From Green Right Now Reports
U.S. venture capital investment in clean tech companies in Q3 fell to $575.6 million, a 55 percent decrease in capital, according to an Ernst & Young LLP analysis based on data from Dow Jones VentureSource. There were 53 financing rounds in the quarter, a 22 percent decrease in deals compared to Q3 2009.
Despite these results, corporations continue to show a strong interest in the clean tech sector.
“This quarter reflects the ongoing volatility in clean tech investment that we have observed over the past two years, depending on the presence of the very large transactions we see in clean tech,” Jay Spencer, Ernst & Young LLP’s Americas clean tech director, said in a statement. “However, a number factors point to the continuing strength in the U.S. clean tech sector, including growth in energy efficiency investments and corporate involvement throughout multiple industries – from utilities to technology to consumer products.”
The energy efficiency segment attracted the most financing activity with 17 deals raising $161.7, increases of 21 percent and 6 percent, respectively. The largest energy efficiency deal was closed by Austin-based Smooth-Stone Inc. a developer of low-power data center chips, which raised $48 million. And GE announced plans to invest $432 million over the next four years to research, design, and manufacture energy efficient refrigerators in the U.S.
While deal activity in the energy/electricity generation segment grew 27 percent to 14 rounds, capital invested fell 39 percent to $203.9 million as investors focused on smaller, earlier-stage deals, including two seed round, two first rounds and five second round deals. Solar companies represented the majority of investments in this segment, with 10 deals raising a total of $150.1 million. The largest deal of the quarter was a $65 million third-round, later-stage deal by Solaria Corp., a Fremont, Calif., developer of solar photovoltaic solutions.
Sizeable corporate investments in energy/electricity generation companies are helping advance the U.S. clean tech sector.
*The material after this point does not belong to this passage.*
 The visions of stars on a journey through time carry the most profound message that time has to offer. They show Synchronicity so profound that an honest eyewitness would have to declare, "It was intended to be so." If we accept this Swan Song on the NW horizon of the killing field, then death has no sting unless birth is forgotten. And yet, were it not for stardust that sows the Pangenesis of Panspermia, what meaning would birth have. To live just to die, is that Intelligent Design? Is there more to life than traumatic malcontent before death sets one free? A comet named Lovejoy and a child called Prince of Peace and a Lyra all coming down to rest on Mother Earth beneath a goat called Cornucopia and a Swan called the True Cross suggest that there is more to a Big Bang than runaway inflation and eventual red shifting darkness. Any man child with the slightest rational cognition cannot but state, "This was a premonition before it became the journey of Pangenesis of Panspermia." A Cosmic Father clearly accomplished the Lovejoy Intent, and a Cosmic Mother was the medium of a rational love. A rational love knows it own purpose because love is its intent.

For example, NRG Energy, Inc. agreed to pay $350 million for Texas-based Green Mountain Energy, an alternative energy generation and distribution company, while the Sharp Corporation announced a $305 million purchase of Recurrent Energy, a California-based photovoltaic power project developer.
Later stage venture financing continued to drive much clean tech investment. There was $407 million invested in 25 later stage deals, which accounted for 48 percent of deal activity and 70 percent of capital invested. The industry products and services segment saw the greatest number of later stage rounds, with nine transactions raising $99.5 million, Ernst & Young said.
Regionally, California experienced a significant decline in investment, with deals falling 44 percent to 21 and investment dollars falling 71 percent to $295 million. In comparison, California had five deals over $50 million one year ago, including the $286 million financing of Solyndra.
Massachusetts was next behind California with eight deals for $87.6 million, a 50 percent increase in deals and a 65 percent increase in capital invested compared to Q3 ’09. New Hampshire and Texas followed with investment of approximately $50 million each.